Liberty is good because it gives you more workable land with culture than with the other social policy starters .
Than with the other starters, but not than Legalism, which basically gives you double the Liberty opener for the first four cities, plus you have the Tradition opener. You need to race to settle cities to make use of Liberty's opener at a time when that +1 culture per city is much use, and economically I find I can't settle more than about 5 cities in the first 75-100 turns; in my current game I had a great wide start, getting to 5 cities before turn 75 - but it was another 50 or so turns before I could expand any further, and even on turn 300 or so I have only 7 cities. Every city needs a monument to expand, every city needs a granary to grow, every city needs a library to give you any benefit at all from the faster population growth compared with going wide.
That's 3 gold per city right there just on absolutely essential buildings; where does the money come from to sustain you while you're building the roads to connect them?
Meritocracy is poor and needs improvement, but happiness is not a huge constraint any more and there are quite a lot of ways to circumvent it - for a start wide empires are good for religion. GhostSalsa's screenshot makes the point - sure he'd have 20 rather than 10 happiness from Tradition, but he's got plenty of excess happiness as it is so that doesn't much matter.
By contrast Liberty absolutely, desperately needs a money-generating or money-saving policy.

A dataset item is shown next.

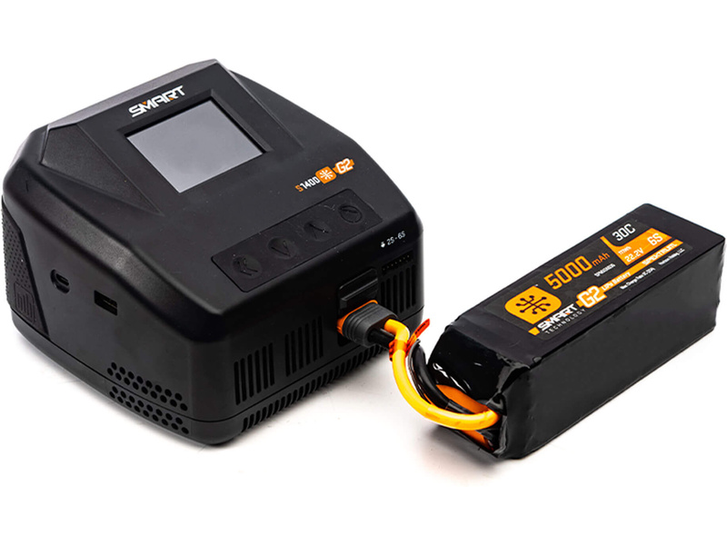 Komplexní balíček pro letadla. Nabíječ S1400 G2 1x400W s LiPo baterií 22,2V 5000mAh 6S 30C Smart LiPo G2 IC5. Výkonný nabíječ, snadné a bezpečné nabíjení.

On the 'tweak a policy tree' thread I suggested adding a 33% discount on building maintenance to Republic, in addition to its current effects - as you have those three essential buildings per city, that's basically equivalent to saving the maintenance on one in the early game, much the same as Legalism gives you for Tradition's first 4 cities, but Republic is a later policy (I actually shuffled the tree to make both Citizenship and Representation prerequisites, which makes both game and thematic sense).
The social policies themselves give you a free worker, a free settler and a free golden age. If you finish the social policy you also get a free great person of your choice. So why not use liberty.
Because mostly these aren't substantial boosts. Liberty basically does one thing and one thing only: boosts production. Settler and worker for free are basically just a set of free hammers, as is the discount on future settlers built in the capital. Republic is exclusively a production bonus as it stands. But you can't afford all the buildings you're producing, and nothing much about saving hammers really favours playing wide.
Fundamentally, these are two trees that play with one of the game's core resources: Tradition is all about food. Liberty is all about production. It's a policy tree structure that will inevitably favour Tradition, because food is the more important resource (and more food = more citizens who can be turned into more production at the click of a button. The converse isn't true - you can't turn production into food except with three buildings very widely separated on the tech tree, and which cost maintenance, two Wonders which you may not get, and food trade that has to be unlocked with trade routes and granaries and cost you the money-generating trade a wide empire so desperately needs before it hits a critical number of city connections).
As for the Great Person, it's timely to get a GS at that point, or occasionally a Great Prophet, but would you trade the ability to buy unlimited GPs later in the game with faith for the ability to get one early GP as a one-off? And what is the Golden Age doing for you at this point in the game? The key advantage of golden ages in the past was the increased tile yield from tiles that already produce gold, but tiles don't produce gold now without certain luxuries, and you want to get Representation long before you having trading posts or the Colossus, or even markets to multiply the income you're receiving.